Imagine you want to cypher a text, you can have a table with a column with the char you really want to be the meaning and another column with the obscured representation, what you write is the obscured thing, but when you read you take out that table to translate to the original meaning. Computers do sort of the same thing with the translation from bits to letters. But there are many tables, it depends on the languages to read and write.

Aaron “Abolish ICE” Madlon-Kay@mastodon.social · 13 days ago

@akunohana The compiler doesn’t need to know that 0x18 is CAN; that knowledge is embedded in whatever decided that the data you’re inspecting is UTF-8 or ASCII.

The content of your original post has been replaced with a link that I can’t open so I can’t go back and confirm where you said the data was coming from. But if the data was some other exotic encoding then 0x18 would mean something else in the context of that data.

printf("%s", name);@piefed.blahaj.zone · 13 days ago

Oh, maybe I messed something up when editing… Here’s what I wrote:

I was experimenting with sanitizing user input In other words, I’m simply prompting for user input, read to a character array with fgets.

What it “that thing” that decided the encoding?

Aaron “Abolish ICE” Madlon-Kay@mastodon.social · 13 days ago

@akunohana OK that’s a pretty good question then. In that case the encoding is determined by your terminal (or if not terminal then execution environment). Try invoking env (or locale) and looking at LANG and LC_ALL; those should tell you what your terminal accepts as input and passes along to your program.

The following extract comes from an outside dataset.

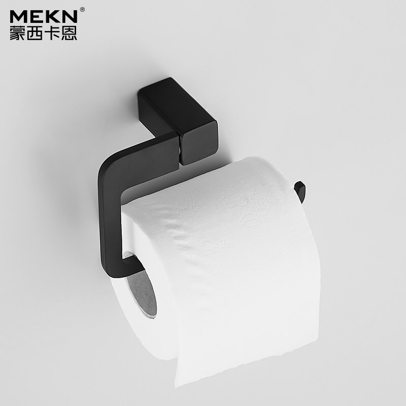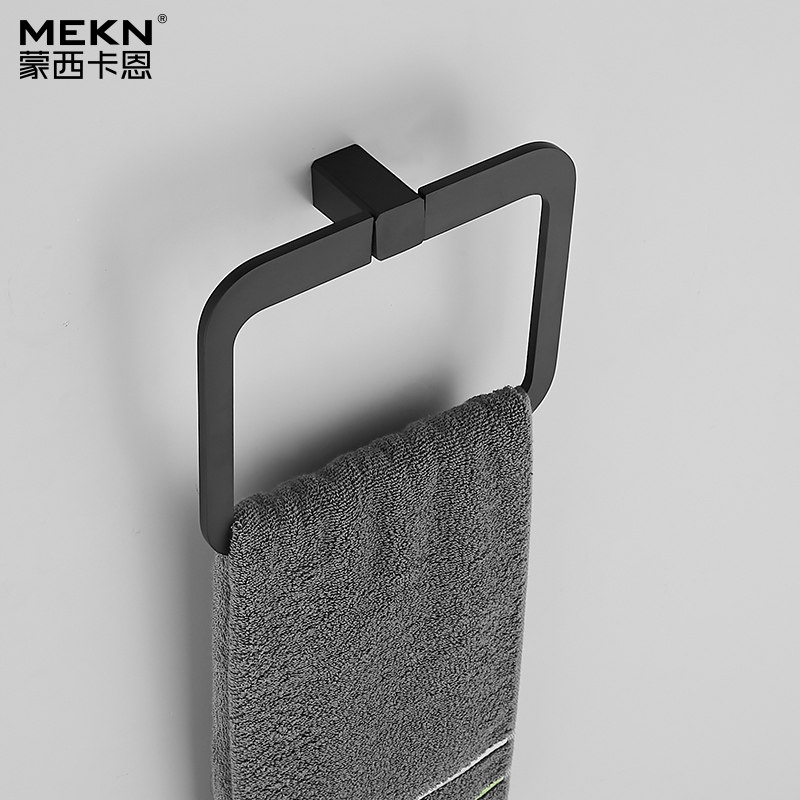Simple Black Four-Piece Set (Punched) Minimalist Black Single Hook (Punched) Minimalist Black Tissue Rack (Punched) Minimalist Black Towel Holder (Punched) Minimalist Black Towel Ring (Punched)

printf("%s", name);@piefed.blahaj.zone · 13 days ago

Sweet! I think this is the answer that I was looking for, although my post is poorly phrased. 😅

Does this mean that in theory, there could arise problems with portability? 98-ish percent of all systems use Unicode, but if I were to run my program on an obscure system whose underlying character encoding is not Unicode or some superset of ASCII, I assume it would return other values?

Aaron “Abolish ICE” Madlon-Kay@mastodon.social · 13 days ago

@akunohana Yes! Although I would say that ASCII is a pretty safe assumption and it’s really anything above the top of ASCII that you need to account for (document as a requirement for your program, or take steps to ensure the OS uses the right encoding if you are packaging something for distribution)